The first issue is simple: fantastically enormous capital expenditures. The
basic story here is simple and repeated, the early and medium stages of a new
industry's development inevitably harvest all the low hanging fruit in terms
of pure physics and math. There is no path dependency yet either. But as it
matures the cost of incremental gains begins increasing non-linearly. In tech
we see this most particularly in semiconductor fabrication, where the costs of
the cutting edge processes that have powered everything we do have been on a
J-curve for each new node. An article by by SemiEng "Big Trouble At 3nm" [1]
earlier this year had a good graph from IBS show the trend in design costs
alone. In terms of the fab themselves IBS estimated "3nm will cost $4 billion
to $5 billion in process development, and the fab cost for 40,000 wafers per
month will be $15 billion to $20 billion", and it wouldn't be surprising if
that was _optimistic_. "7nm" (TSMC, ~Intel 10nm) has been hard and multi-
billion expensive also.

Economically the only way to make this work is by trying to amortize towards
the thankfully very low raw material cost through enormous volume, and players
must be able to front fantastic sums with very long time horizons. How does
this square with tons of tiny firms? Vertical integration could be gone after
so it's a pure foundry model, but that still leaves just a couple of foundries
in control there. That's chips alone though, lots of other areas of
electronics have the property of low resource cost combined with utterly
enormous capex requirements, such as state of the art displays. Improvements
in energy storage also require plants like the Gigafactory. The results are
super, super important in my opinion, it's absolutely in our overall interest
to keep pushing forward computation (not just silicon but whatever else
becomes possible like optical computing), to reduce the price and improve the
performance of energy storage technology, better human/system interfaces
(retinal scanning displays next perhaps?), more reliable better memory, and on
and on. We're far from "done" here. Yet this naturally takes not just long
time scale dirt moving but also R&D, inevitably including some blue-sky.

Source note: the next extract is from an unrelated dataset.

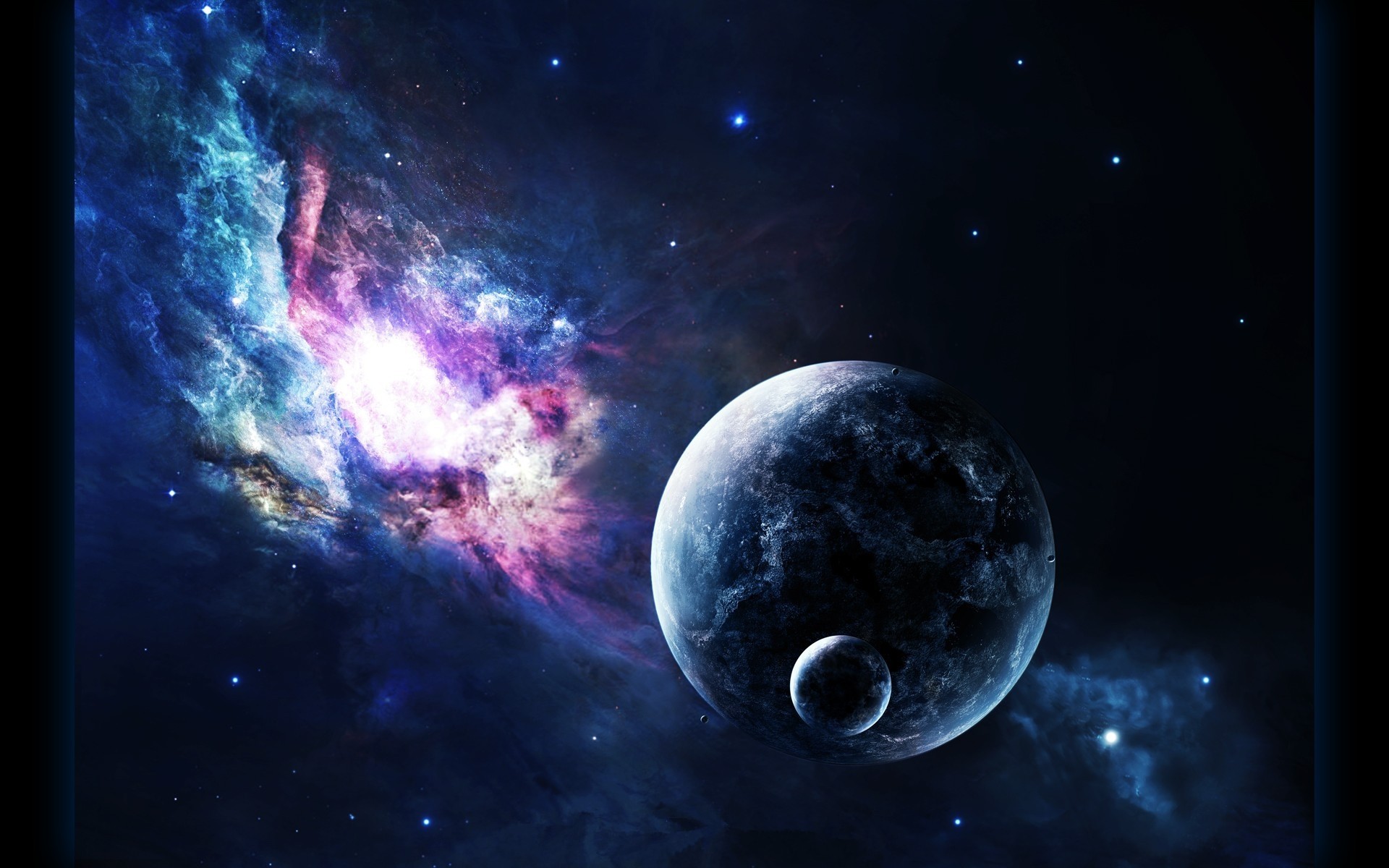 Planety w kosmosie w niebiesko-czerwonych odcieniachPlanety w kosmosie w niebiesko-czerwonych odcieniach

And blue-sky R&D in the context of tech brings us right back to government vs
corps too. In principle one way to try to allow smaller firms again would be
to offload a lot of this back onto government instead, which by definition has
a long time horizon and shouldn't be as worried about individual short term
ROI or any single area vs the long term health of the state as a whole. It can
make the results of research available to all. But government R&D has not been
keeping up there. Monopolies can act in effect as a pseudo-government in many
ways financially, and in fact a lot of the scary parts of them can also
potentially give them an escape from typical quarter-to-quarter thinking. Some
of the key foundations of our current tech trace right back to places like
Bell Labs and Xerox PARC, R&D outfits that performed long term research which
their parents often didn't even profit from, but were themselves backed in
part by the massive economic power of their parent corps.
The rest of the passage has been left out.